Fakültenin bulunduğu kentte arkadaşlarıyla bir ev tutmuşlardı. Tarık fakülteye gitmeden, babasından aldığı bursu sağda-solda harcıyordu. Tarık'ın tek ümidi yeni çıkacak bir öğrenci affından yararlanmaktı. Fakat öğrenci affı beş yıl sonra geldi. Birinci sınıfa kaydolmasının üzerinden yedi yıl geçmişti.
Arkadaşları altı yıl sonra mezun olup doktor olmuşlardı. Zamanını orada burada dolaşarak geçiren Tarık yeniden kaydolup Fakülte 1. sınıfa devam etti; ancak ailesini idare edebilmek için iki yıl sınıfta kaldığını söylemek zorunda kaldı. "Şu anda beşinci sınıftayım. Ben Fakülteyi altı yılda değil de dokuz yılda bitireceğim" dedi ve bu yalanla babasını zor-bela ikna etti.

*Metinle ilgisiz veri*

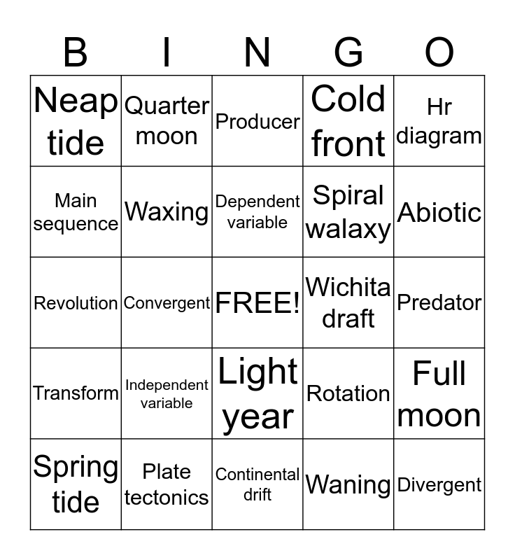 This bingo card has a free space and 24 words: Independent variable, Plate tectonics, Dependent variable, Spring tide, Hr diagram, Neap tide, Main sequence, Quarter moon, Wichita draft, Light year, Spiral walaxy, Revolution, Rotation, Full moon, Waxing, Waning, Predator, Producer, Abiotic, Convergent, Divergent, Transform, Cold front and Continental drift.

Aylar birbirini kovaladı; İki yıl üst üste sınıfta kaldığı için yine kaydı silinecekti. Mayıs ayına gelinmişti. İki ay sonra üniversiteler bahar dönemini kapatacaklardı. Tarık büyük yalanın dokuzuncu yılındaydı. Artık dananın kuyruğu kopmak üzereydi. Hamdi beyin şiddetli baskısı ve akıl almaz hilelere başvurmasıyla başlayan serüven sona ermek üzereydi. Bu yüzden Tarık, hırslı babasından intikam alırcasına aile faciasına yol açacak bir plan hazırladı.
Haziran ayında anne ve babasına hem telefonla bildirdi hem de bir mektup göndererek Tıp Fakültesinin mezuniyet törenlerine davetli olduklarını, toplantının tarih, yer ve saatini mektupta yazarak mutlaka gelmeleri gerektiğini sıkı sıkıya tembih etti. Başta Hamdi Bey olmak üzere tüm aile büyük bir heyecan içindeydi.
Sahte mezuniyet tarihi geldi, çattı. Oğlunun son sınıfta olduğuna inanan Hamdi Bey ve eşi büyük bir gurur ve inanılmaz bir keyifle otobüs biletlerini alıp bir akşam vakti yola çıktılar. Bir mani olmazsa otobüsleri ertesi gün, sözde mezuniyet töreninden bir saat önce üniversite kentine ulaşacaktı. Öyle de oldu. Amaçları mezuniyet töreninden sonra oğullarını alıp kentin tarihi ve turistik yerlerini ziyaret etmekti. Sözde tören Tıp Fakültesi binasının önünde yapılacaktı. Kente ulaşır ulaşmaz Hamdi Bey, geldiklerini bildirmek için oğlu Tarık'ı aradı. Fakat cep telefonu kapalıydı ve kendisine ulaşılmıyordu. Hamdi Bey, kendi kendine: "Önemli değil, tören alanında buluşuruz. Hem ona bir sürpriz yapmış oluruz" dedi ve bir taksiye binip Tıp Fakültesinin önüne gittiler.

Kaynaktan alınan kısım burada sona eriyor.